What you will do: Without changing a word, copy every line of the listing below and leave out the images.

Dataset extract:
····················

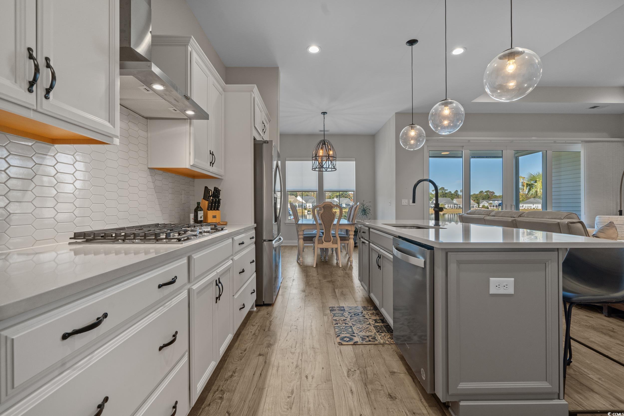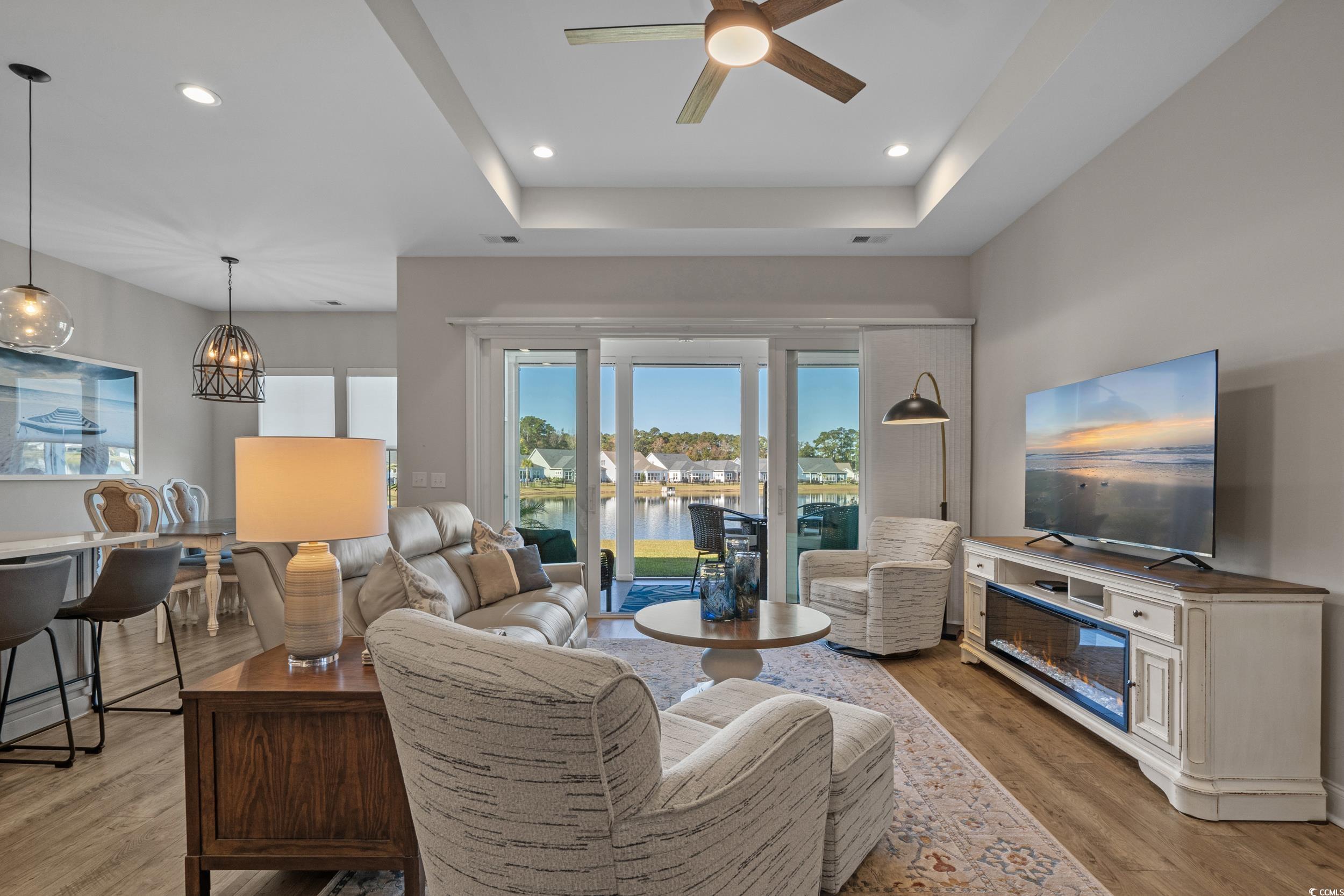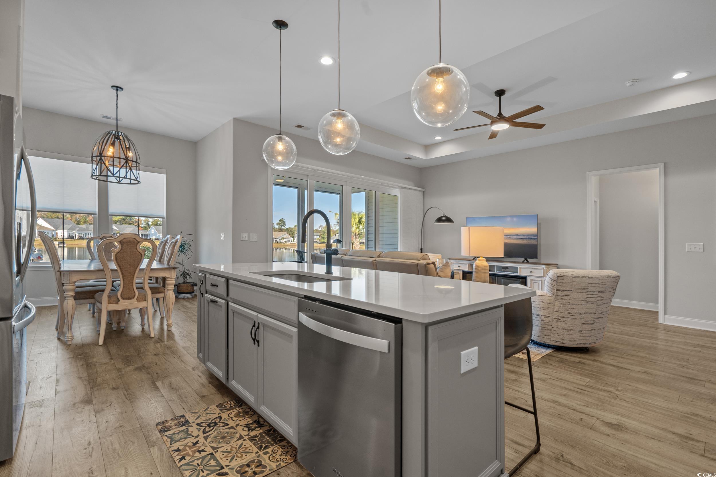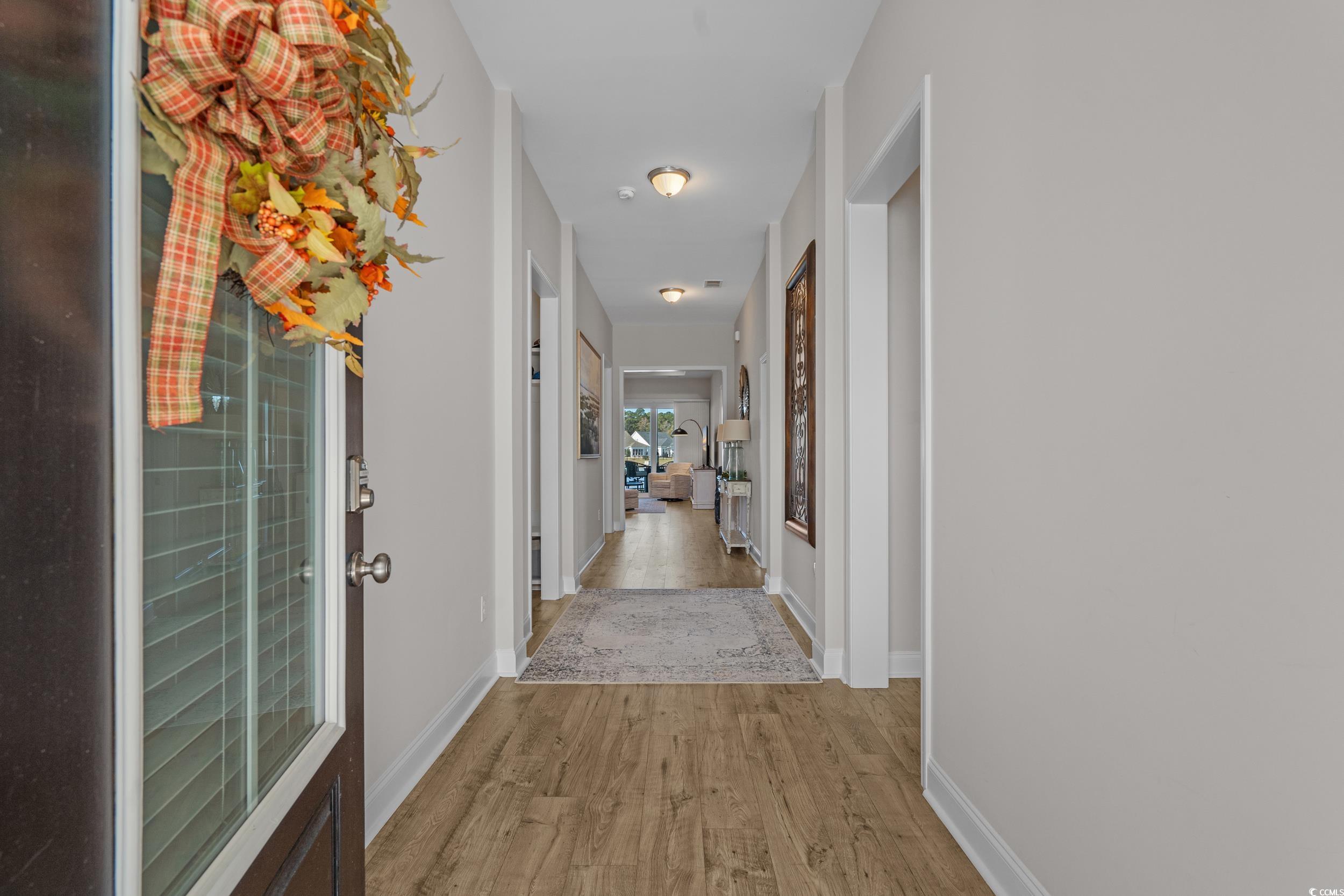 Welcome to this stunning 2023-built, single-story 4-bedroom, 2.5-bath home perfectly positioned on a beautiful lake lot, where serene water views greet you the moment you open the door and look straight down the impressive hallway framed by massive glass sliding doors. This thoughtfully designed home features an open-concept layout with soaring ceilings that seamlessly connect the main living spaces, creating an inviting and airy feel throughout. The chef’s kitchen is a true showstopper, boasting a massive island, natural gas cooking, and the ideal setup for both everyday living and entertaining. The front two bedrooms are connected by a convenient Jack-and-Jill bathroom, while the spacious primary suite offers a retreat of its own with double sinks, a large walk-in closet, and a beautifully tiled shower. Nestled in the heart of Murrells Inlet, this home delivers the laid-back coastal lifestyle you’ve been dreaming of—just minutes from the famous MarshWalk where dining, shopping, and endless boat watching await.
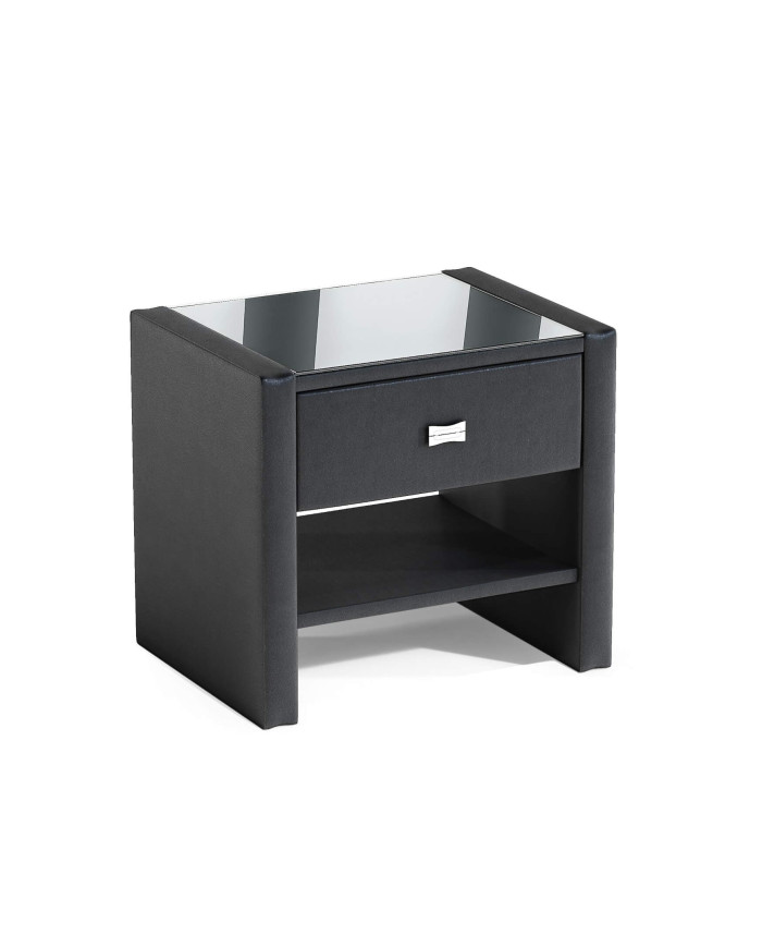 „Polibox“ naktinis staliukas, žemas, apmuštas, su stalčiumi ir niša
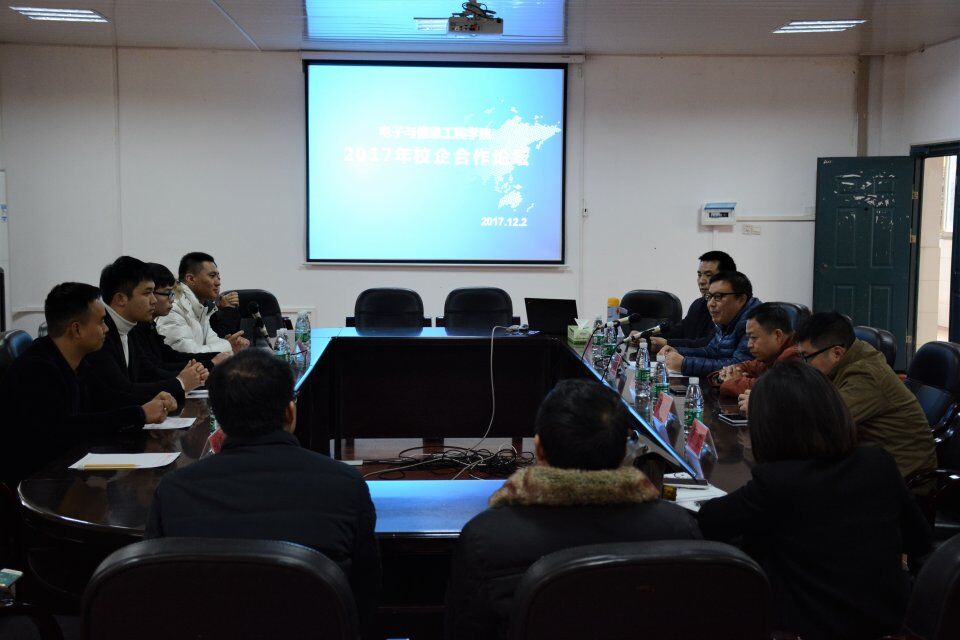 本网讯 12月2日下午,电子与信息工程学院在知行楼召开2017年电信院校企合作论坛。广州同晟国际货运代理有限公司、佛山市广兴洲照明有限公司、湖南谷维信息技术有限公司、弘成科技有限公司的HR以及该体院领导和师生代表参加了此次论坛。
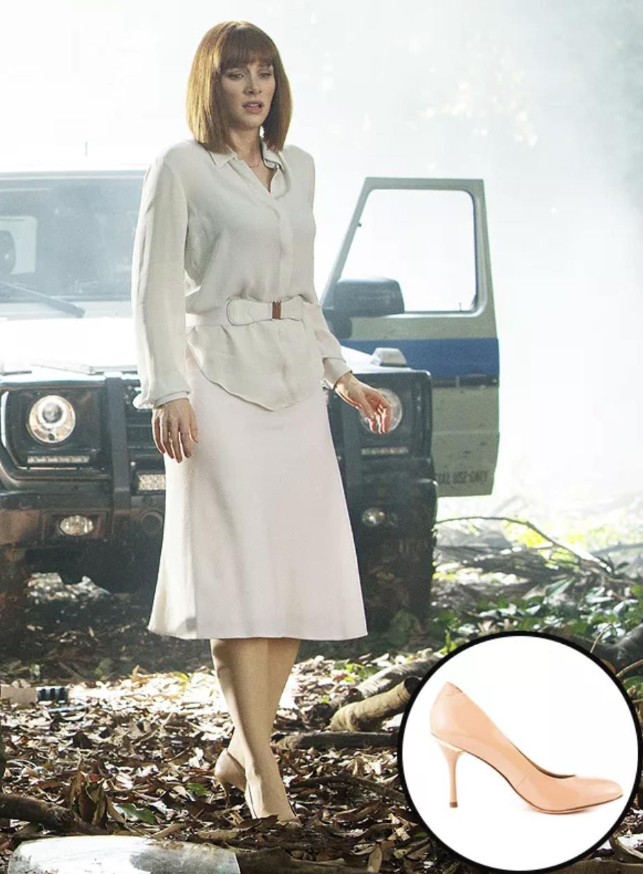 2015 年上映的《侏罗纪世界》,女主从头到尾都穿着一双 3.5 英寸(约 8.89 厘米)的尖头高跟鞋,在泥泞的丛林中奔跑,躲避恐龙袭击。

····················

Result:
 Welcome to this stunning 2023-built, single-story 4-bedroom, 2.5-bath home perfectly positioned on a beautiful lake lot, where serene water views greet you the moment you open the door and look straight down the impressive hallway framed by massive glass sliding doors. This thoughtfully designed home features an open-concept layout with soaring ceilings that seamlessly connect the main living spaces, creating an inviting and airy feel throughout. The chef’s kitchen is a true showstopper, boasting a massive island, natural gas cooking, and the ideal setup for both everyday living and entertaining. The front two bedrooms are connected by a convenient Jack-and-Jill bathroom, while the spacious primary suite offers a retreat of its own with double sinks, a large walk-in closet, and a beautifully tiled shower. Nestled in the heart of Murrells Inlet, this home delivers the laid-back coastal lifestyle you’ve been dreaming of—just minutes from the famous MarshWalk where dining, shopping, and endless boat watching await.
 „Polibox“ naktinis staliukas, žemas, apmuštas, su stalčiumi ir niša
 本网讯 12月2日下午,电子与信息工程学院在知行楼召开2017年电信院校企合作论坛。广州同晟国际货运代理有限公司、佛山市广兴洲照明有限公司、湖南谷维信息技术有限公司、弘成科技有限公司的HR以及该体院领导和师生代表参加了此次论坛。
 2015 年上映的《侏罗纪世界》,女主从头到尾都穿着一双 3.5 英寸(约 8.89 厘米)的尖头高跟鞋,在泥泞的丛林中奔跑,躲避恐龙袭击。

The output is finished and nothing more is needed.